Azure / azure-sdk-tools

Tools repository leveraged by the Azure SDK team.
MIT License
114 stars 180 forks source link

[LintDiff][PR Workflow] Handle cases where check result is too large to be processed by our infrastructure #7457

Open konrad-jamrozik opened 11 months ago

konrad-jamrozik commented 11 months ago

TLDR:

Dumping here some of my correspondences to provide context:

From email thread with subject LINTDIFF big diff issue: Asking for help & info about issues with LintDiff runs that produce a large diff

Email 1 from me:

Hey Roopesh! Some LintDiff runs produce large amount of data (and run for 25+ minutes). For example see this log which is for this check for PR 26992 Or this one, for Staging LintDiff, also for PR 26992.

Unfortunately, due to our infrastructure drawbacks we cannot process such runs fully, and we have to discard such results, without ever showing them on GitHub.
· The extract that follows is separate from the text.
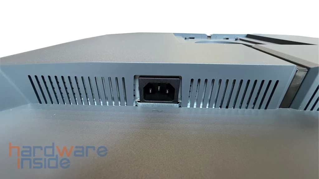 Ergänzt wird das Anschlussfeld durch drei USB-A-Ports mit mindestens USB-3.0-Standard. Allerdings erfolgt die Anbindung des Hubs über einen klassischen USB-B-Upstream-Port, dessen Bandbreite im Vergleich zu modernen USB-C-Lösungen eingeschränkt ist. Ein USB-C-Port mit Display- und Datenübertragung zum PC hätte hier eine deutlich zeitgemäßere und flexiblere Lösung dargestellt – insbesondere, um die USB-A-Ports als vollwertigen Hub komfortabel nutzen zu können. Ein Audio-Ausgang für Headsets oder externe Lautsprecher ist ebenfalls vorhanden. Das Netzteil ist intern verbaut, sodass lediglich ein Kaltgerätekabel angeschlossen werden muss, was das Kabelmanagement vereinfacht und für ein aufgeräumteres Gesamtbild sorgt.

This is because we use MongoDB database to communicate from ADO to GitHub, and the massive amount of data is above the 17 MB limit.

Ask to you from us: While we will be working on figuring out how to make such be fully supported on GitHub, can you please have a look if this is expected behavior? Maybe some of the LintDiff rules are triggering too often? Would possibly truncating the results be an option here?

Email 2:

Hey, some additional info on what caused LintDiff to run for so long and produce so much data.

Looking at the affected PR of 26992, it modified files in 12 different API versions. As a result, LintDiff ran 24 times: for each of the API version, once “before changes” and once “after changes”. LintDiff runs as a plugin to AutoRest, and AutoRest decides which files are in scope by looking at the API version tag in README. This resulted in large amount of files being ingested as input to these AutoRest/LintDiff runs, resulting in the huge log. The tooling doesn’t care about which files from given API versions were modified exactly: it runs twice on all files in given API version, even if only 1 file changed in it.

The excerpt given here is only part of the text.